Generalnie jak starsze to brac tylko Mercedes zamienników full i tanie, nawet do starszych modeli.

PostWysłany: 05 Sty 2008 23:35
przez tomec
a myslalem ze mercedes i styer maja najdrozsze czesci......

PostWysłany: 06 Sty 2008 01:16
przez maniek
dzięki serdeczne za dotychczasowe porady. U mnie jest tego rodzaju sprawa że chcę zmienić steyra 1490 z 1977 roku na coś młodszego. Myślałem z wywrotką zrobić tańszym kosztem bo jeszcze mam w zamiarze kupić inną maszynę, tylko boję się żeby to nie wyszło odwrotnie i z tego wszystkiego odpuścić te iveco. Z tego co wyczytałem to iveca powyżej 1990 roku są warte ryzyka? I do tych ivec części też są drogie jak są łatwiej dostępne?
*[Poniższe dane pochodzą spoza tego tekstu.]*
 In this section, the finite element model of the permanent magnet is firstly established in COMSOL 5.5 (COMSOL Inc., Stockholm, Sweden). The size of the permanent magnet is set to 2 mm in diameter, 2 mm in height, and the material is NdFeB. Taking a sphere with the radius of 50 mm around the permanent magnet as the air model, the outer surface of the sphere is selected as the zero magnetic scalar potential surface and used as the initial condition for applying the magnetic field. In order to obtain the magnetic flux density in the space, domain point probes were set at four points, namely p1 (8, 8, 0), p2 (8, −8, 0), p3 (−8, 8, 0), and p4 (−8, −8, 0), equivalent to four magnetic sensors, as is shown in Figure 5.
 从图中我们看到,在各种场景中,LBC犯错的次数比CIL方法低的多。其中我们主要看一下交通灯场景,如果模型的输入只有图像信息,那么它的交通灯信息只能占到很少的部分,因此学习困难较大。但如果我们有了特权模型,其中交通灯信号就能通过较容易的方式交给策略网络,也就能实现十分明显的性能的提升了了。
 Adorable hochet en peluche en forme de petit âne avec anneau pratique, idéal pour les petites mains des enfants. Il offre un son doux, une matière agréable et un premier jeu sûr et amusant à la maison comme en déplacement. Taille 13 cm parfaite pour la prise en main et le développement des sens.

[ Dodano: Nie Sty 06, 2008 12:20 am ]
jeśli chodzi o części do steyra to są faktycznie dosyć drogie chociaż ostatnio trochę z taniały ale jak ktoś ma jeszcze model 1490 to dużo części pasuje od np jelcza

PostWysłany: 06 Sty 2008 10:35
przez Bartek
Ja pomykałem Magirusem z 89 roku tyle że 4x4 z silnikem Deutza i była to maszynka w teren super...Ale silnik sie pod konieć lat 90 rozsypał a auto dużo nie jezdziło...
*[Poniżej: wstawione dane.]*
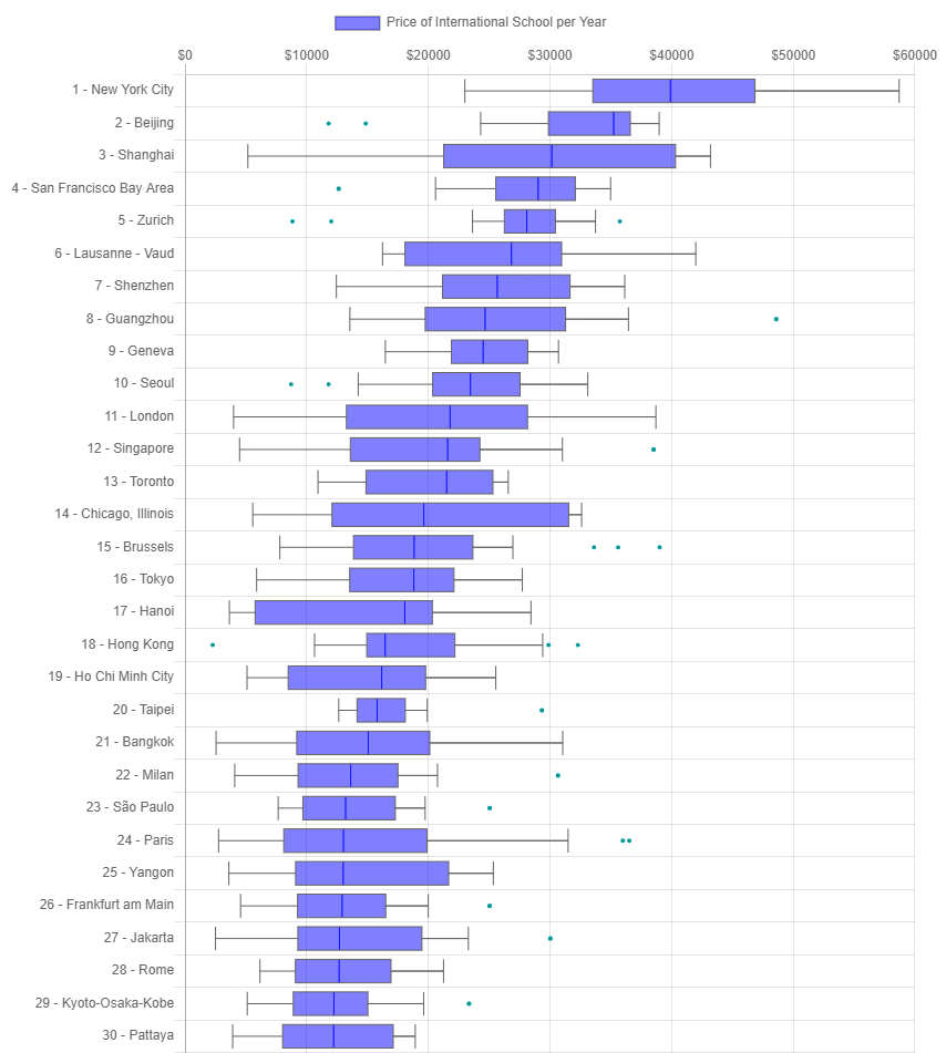 排名第三的上海则显示出了极强的差异性,国际教育成本最低仅为5,136美元,最高则高到43,191美元,相差近十倍,中位数为30,146美元,约合人民币20万元。
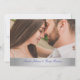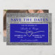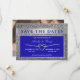 Modern, simple calligraphy script, elegant royal blue and silver glitter Wedding Save The Date invitation with two dates and picture of the couple.
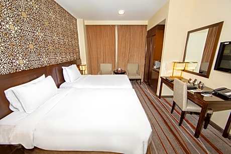 At Dallah Taibah Hotel, exceptional service and top-notch amenities create a memorable experience for guests. Complimentary internet access is available in the hotel to ensure you stay connected during your visit.Arrange your trips to and from the airport using the hotel's convenient transportation services booking.Amenities at taxi offered by Dallah Taibah Hotel simplify the organization of your excursions, tourist activities, and other adventures in Medina. For guests with their own vehicle, parking facilities are provided. Continuously receive the support you require through front desk amenities such as concierge service, express check-in or check-out, luggage storage and safety deposit boxes. At the hotel, their ticket service and tours is also capable of assisting with booking tickets and securing reservations for entertainment and adventures.Always look your best in your preferred attire with the dry cleaning service and laundry service provided at Dallah Taibah Hotel.Craving relaxation? In-room amenities such as 24-hour room service, room service and daily housekeeping allow you to maximize your time spent inside the room. Due to health concerns, smoking is strictly prohibited within the entire premises of hotel.Accommodations come equipped with all the conveniences required for a restful night's slumber. A selection of rooms feature linen service, blackout curtains and air conditioning to ensure your comfort and convenience.A few accommodations at Dallah Taibah Hotel also include unique design elements like a separate living room.A few chosen rooms are equipped with daily newspaper, television and cable TV to ensure guest amusement. In certain rooms, the hotel offers visitors access to a refrigerator, a coffee or tea maker, bottled water, instant coffee, instant tea and mini bar.Dallah Taibah Hotel offers a hair dryer, toiletries, bathrobes and towels in the restrooms of specific accommodations. An additional advantage for guests is the executive lounge, which offers an outstandingly cozy and excellently furnished environment for relaxation. A delightful breakfast is the perfect way to begin your day, and at Dallah Taibah Hotel, you can always indulge in a scrumptious meal on-site. All adore a delightful cup of coffee! An on-site coffee shop ensures you can relish a cup of authentic, freshly-brewed coffee every morning -- or whenever you desire it. Allow your journey to be free from the pangs of hunger! On-site eateries offer delicious and accessible meal choices. At Dallah Taibah Hotel, catering to your unique requirements is our priority. Guests with particular dietary preferences can choose from an assortment of dishes, featuring kosher and halal choices among other options. At Dallah Taibah Hotel, guests can take pleasure in the delightful recreational amenities provided for their entertainment. At the hotel fitness center, you have the option to engage in your daily exercise routine or simply alleviate your jet lag by breaking a sweat.
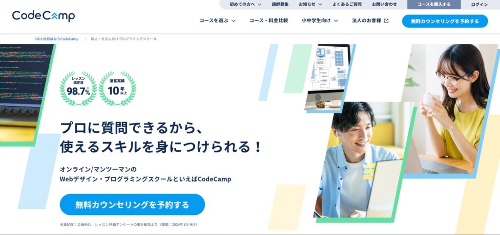 CodeCamp(コードキャンプ)は、オンライン完結型で現役プロからマンツーマン指導を受けられる、未経験者や社会人向けに設計されたプログラミングスクールです。
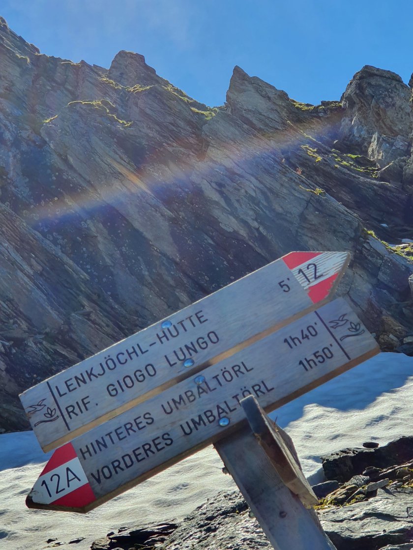 So ganz alleine durch Schlendern überwindet man keine 1.000 hm, zur Hütte müssen wir schon noch etwas Anstrengung in Kauf nehmen. Aber das wollen wir ja. Kurz vor dem Ziel steht ein Wegweiser, der meine Vermutung bestätigt: Es wäre vergleichsweise einfach gewesen, von der Clarahütte (s. 4. Etappe des Iseltrails) über das vordere Umbaltörl nach Südtirol zur Lenkjöchlhütte zu gehen. Was heißt einfach … es wäre schon eine ordentliche Bergtour mit viel Strecke und Höhenmetern gewesen. Da unsere Wanderkarte kurz hinter der Grenze endete, war ich mir nicht sicher, jetzt habe ich die Bestätigung.
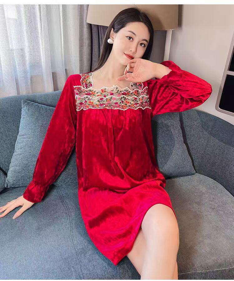 Женская роскошная ночная сорочка из красного бархата - Элегантная осенне-зимняя домашняя одежда 4XL (160-180 Jin)
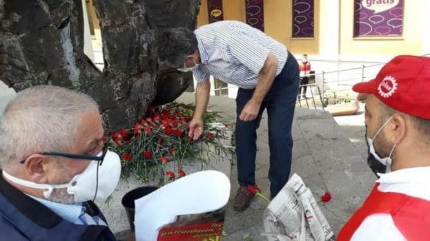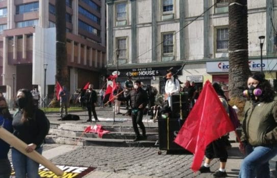 Valparaiso, 1 de mayo de 2020. Acto por el dia del trabajador en plaza Anibal Pinto Sebastian Cisternas/ Aton Chile., Valparaiso Chile Aton416015 *** Valparaiso, May 1, 2020 Labor Day event at Anibal Pinto Square Sebastian Cisternas Aton Chile , Valparaiso Chile Aton 416015 PUBLICATIONxINxGERxSUIxAUTxONLY Copyright: SEBASTIANxCISTERNAS/ATONxCHILE.

PostWysłany: 06 Sty 2008 16:28
przez maniek
Jak kupiłeś go jako używanego to wcześniej mógł trochę więcej ganiać i jak go wziąłeś to jeszcze chodził ale ostatnim podrygiem. Z drugiej strony mógł też być przegrzany np. pasek klinowy od dmuchawy chłodzenia silnika pękł i nie było chłodzenia a tu już dużo nie trzeba... Np. silniki SW 680 jak zostaną przegrzane to i zaraz pojawiają sie problemy z ubytkiem oleju

PostWysłany: 06 Sty 2008 18:45
przez Bartek
To nie był moje auto tylko jednostki OSP w której ten samochód jezdził głównie do wypadków drogowych, byl w pełni sprawny dopuki silnik raz odpalił i nagle zgasł...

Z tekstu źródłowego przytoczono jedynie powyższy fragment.